--- INFORMATION SHOWN Enclosed Below ---
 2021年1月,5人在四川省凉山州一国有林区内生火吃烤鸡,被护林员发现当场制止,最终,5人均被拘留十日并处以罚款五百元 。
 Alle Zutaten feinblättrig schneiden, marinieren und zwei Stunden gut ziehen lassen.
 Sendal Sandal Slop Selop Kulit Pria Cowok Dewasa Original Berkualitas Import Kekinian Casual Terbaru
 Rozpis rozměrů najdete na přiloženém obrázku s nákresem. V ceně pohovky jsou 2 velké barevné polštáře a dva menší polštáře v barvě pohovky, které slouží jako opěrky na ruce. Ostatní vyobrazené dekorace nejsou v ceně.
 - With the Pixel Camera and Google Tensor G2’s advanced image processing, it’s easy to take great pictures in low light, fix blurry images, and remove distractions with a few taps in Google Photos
--- End of Enclosed INFORMATION SHOWN ---
--- INFORMATION SHOWN Enclosed Below ---
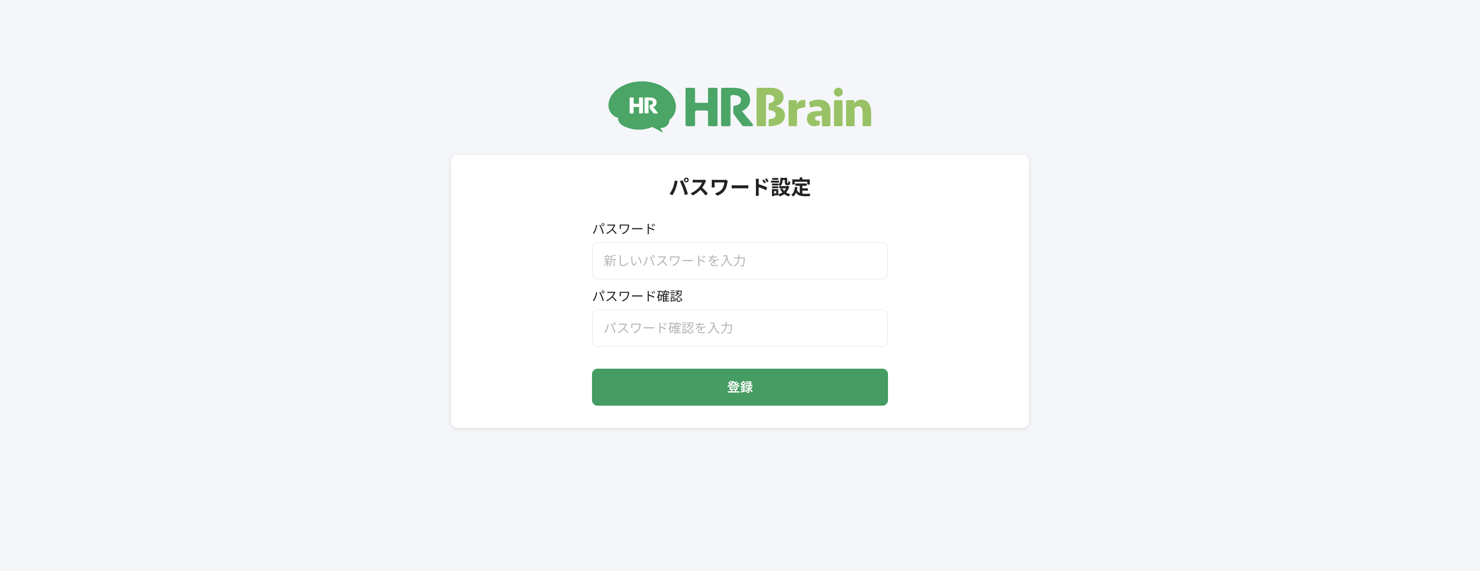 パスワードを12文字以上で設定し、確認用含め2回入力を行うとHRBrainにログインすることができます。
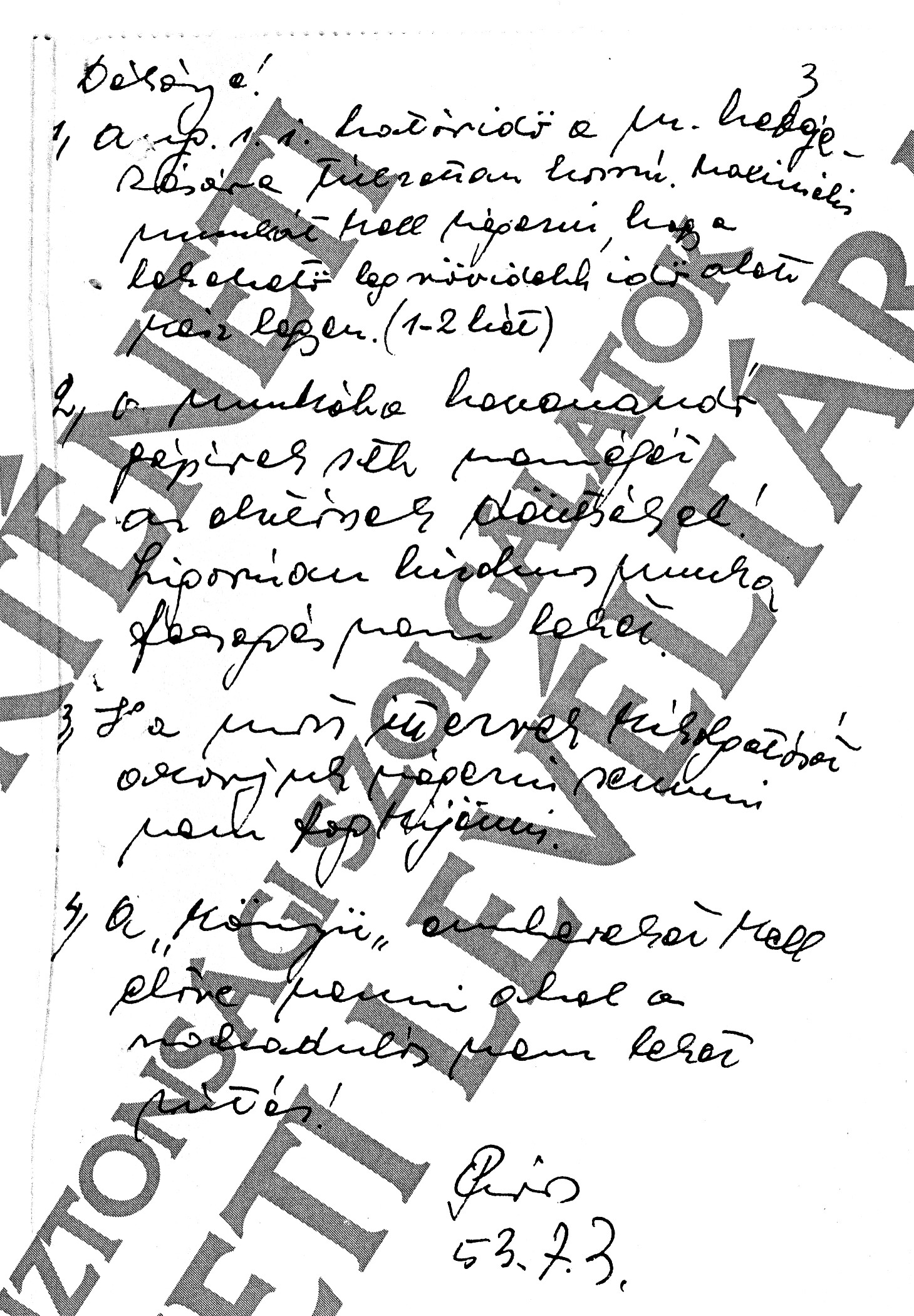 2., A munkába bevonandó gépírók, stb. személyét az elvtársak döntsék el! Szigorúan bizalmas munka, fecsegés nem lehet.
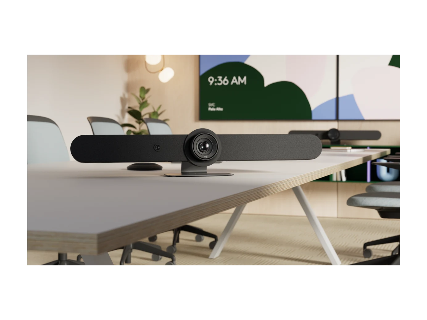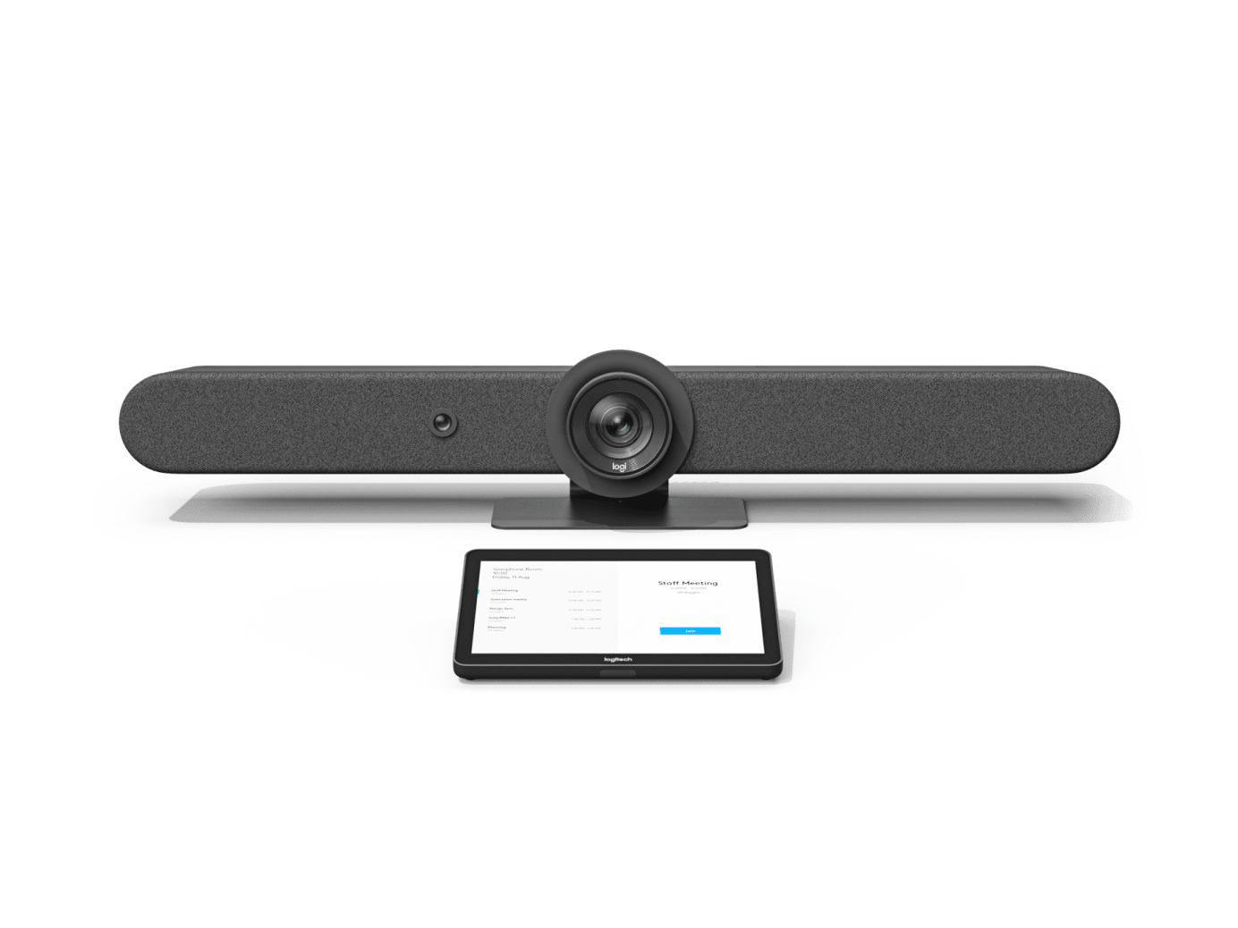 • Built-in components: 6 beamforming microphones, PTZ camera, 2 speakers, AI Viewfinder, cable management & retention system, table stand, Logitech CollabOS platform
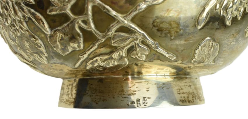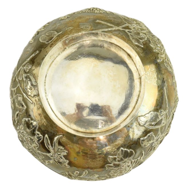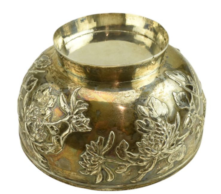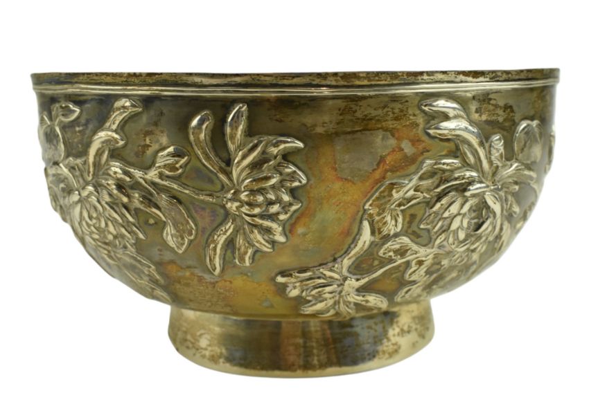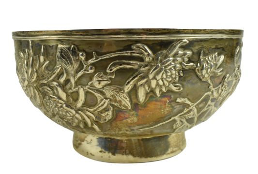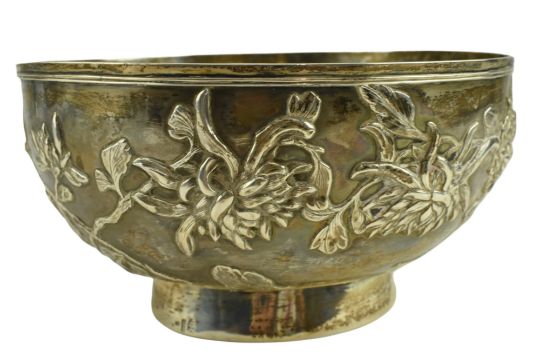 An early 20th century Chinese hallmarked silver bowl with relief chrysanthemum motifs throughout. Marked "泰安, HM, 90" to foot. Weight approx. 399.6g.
--- End of Enclosed INFORMATION SHOWN ---
• **PROBLEM DESCRIPTION**
Referring to the material above, set down exactly the lines between the line with "2021年1月,5人在四川省" and the line with "Rozpis rozměrů najdete", inclusive, and no other lines.

• **RESPONSE**
 2021年1月,5人在四川省凉山州一国有林区内生火吃烤鸡,被护林员发现当场制止,最终,5人均被拘留十日并处以罚款五百元 。
 Alle Zutaten feinblättrig schneiden, marinieren und zwei Stunden gut ziehen lassen.
 Sendal Sandal Slop Selop Kulit Pria Cowok Dewasa Original Berkualitas Import Kekinian Casual Terbaru
 Rozpis rozměrů najdete na přiloženém obrázku s nákresem. V ceně pohovky jsou 2 velké barevné polštáře a dva menší polštáře v barvě pohovky, které slouží jako opěrky na ruce. Ostatní vyobrazené dekorace nejsou v ceně.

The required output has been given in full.